You are really on fire. The thoughts that are rolling off your blog these days remind me of a fine streamlined piece of worked wood or metal – just pure craft. So pure that it seems hard to even really get it unless you have some inkling of the craft that it took to produce something like that. The synthesis is unreal. You are just taking disparate ideas and transmuting them into SOMETHING ELSE.
My hat is off.
Thanks, Jessica but I wrote this about 2 years ago, LOL. 😛
:: ducks ::
Sorry! But just wait until you see how smart people think I am after I am dead! It’s gonna be greaaaaaat! 😛
Hahahaha. Then I take it back! 😉 Hologram….

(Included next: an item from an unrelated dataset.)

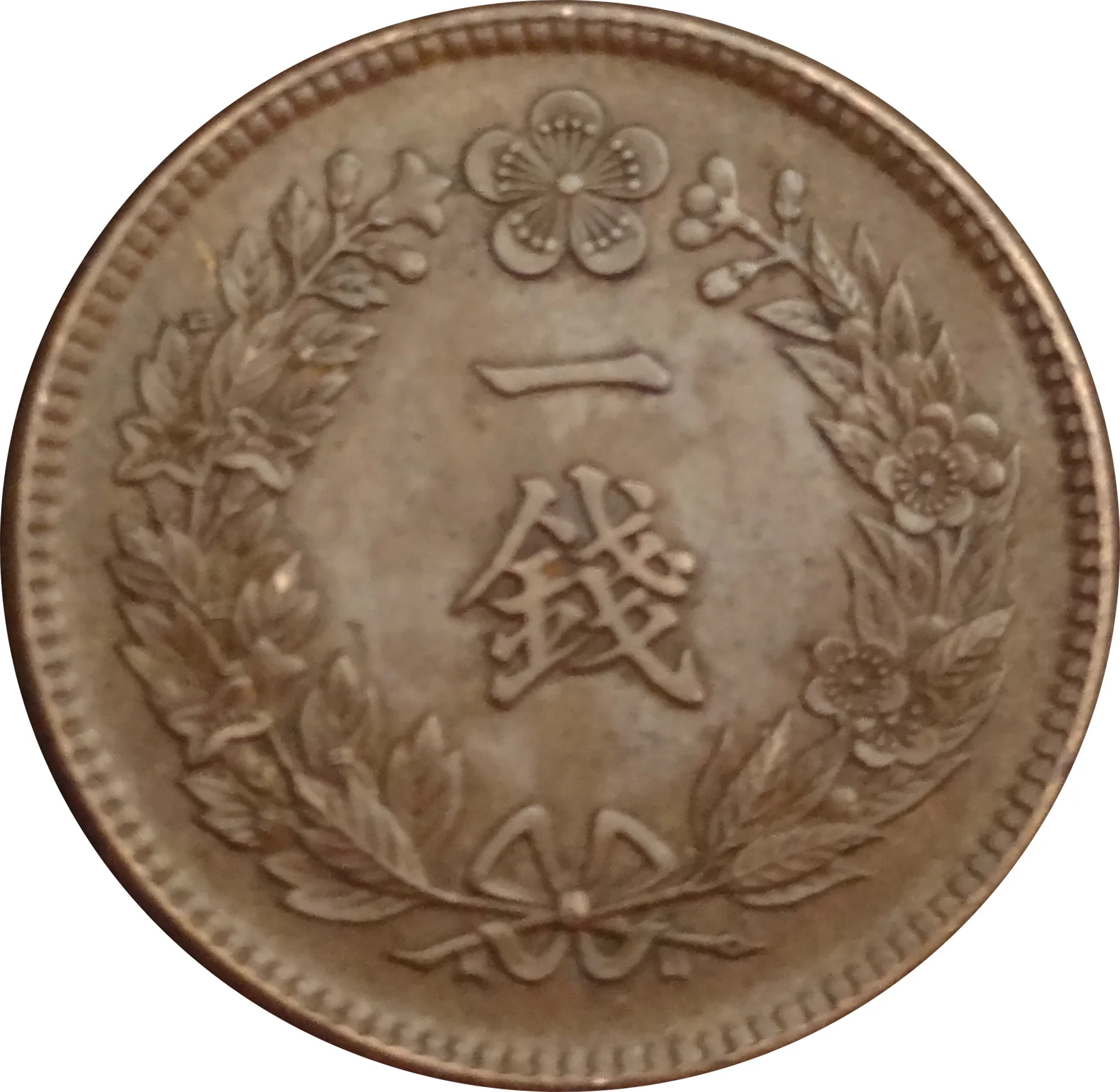 Denomination with wreath and plum flower (Imperial Seal of Korea).

“She was in heaven… before she died…” J. Prine
Every time I’m hurt, well, it hurts. But then I take solace in the knowledge that I can still BE HURT, which means I have a heart. In my mind, it’s always better to love the best you can; if they turn on you, you can’t help that, but at least ya did what ya could.
Oldies but goodies. I still needed to read this today. Thanks Elsa!
Thank you. I needed to see this too. The house we were unrejected for? Now they’re going to just sell it instead of renting it to us. *screams*
I’m going to go find a better house.
p.s. I double dog dare anyone to tell me I didn’t get that house because I had conflicting desires or wasn’t manifesting things properly right now.
I know! What the hell? Who does that to people? Do they not realize this is a big deal to us?
And god bless them, trying to sell a house in this market. Anyone care to wager on whether she’ll come back asking if we want to rent it after we’ve found another home?
Oh Lupa that sucks. You go find your other house – YOUR house. Not that rejected unrejected bullshit.
We have an appointment at 5:30 to view one in the same neighborhood. It’s about the same amount of space. Not quite as adorable but a little cheaper rent so it might be better for us in the long run.
Thanks for this post. It’s so true. But it’s difficult to find out how to convert when you’re feeling creatively dull. Like during writer’s block. But I love your words on it still.
Some hurts just hurt alot more than others. Some betrayals go so deep – that is when the hurt comes from someone you trusted implicitly. My marriage has survived a betrayal, but , the hurt was a physical pain that I cannot even describe. That took YEARS to heal. Other betrayals – short-term relationships, co-workers, even “friends” , mostly I react in anger, not so much hurt, and I simply cut them out of my life.
this post rocks.
Just betrayed here. A huge inmense, a cosmic dimensions betrayal involving my extended family. I am going to freeze and disolve part of that extended family in my life in my thoughts and feelings (Satrn-Uranus opp just t-squaring my moon. My moon is tsquared already)
Hurts just hurts sometimes, as I have seen here, in the comments… accurate and wise words.
The worst thing is that I’ve saved the ass of the betrayer (without knowing he was my enemy) There is not positive side of this experience for me. I feel clean, I feel lighter however with the truth, there is not space for resentment and bitterness in my soul. It is enough for me to know I am a better person.
Two major disappointments which have really staggered me.
Maybe someday this will serve as a catalyst but right now I feel like Wile E Coyote underneath the Acme safe. Words fail me– its reverberates on so many levels.
i figure everyone needs to have their heart broken at least once.
(it lets you discover what’s under the surface)
Falling apart is just finding the pieces!
When Patsy starts singing “I Fall to Pisces” I remind myself, “I Don’t Think Hank Done It This Way”
Yes some of my Saturn figures are old country crooners.
Hank and Patsy, both Virgo. Country music is filled with earth signs, go figure.
As a mother of three and a hairdresser, Tammy Wynette told her husband she wanted to be a country music singer and he said “Dream on, baby”. She left him and raised her children on her own. I think her first few years in the business, all her money went to her sick child’s hospital bills. Taurus.
The second spike of her career happens after she marries George Jones, Virgo.
I think this is the best I ever read from you.
This swede has a lot of knives to keep..
I so agree! It is all good.
Living well is always the best revenge! Thanks for illustrating it so clearly.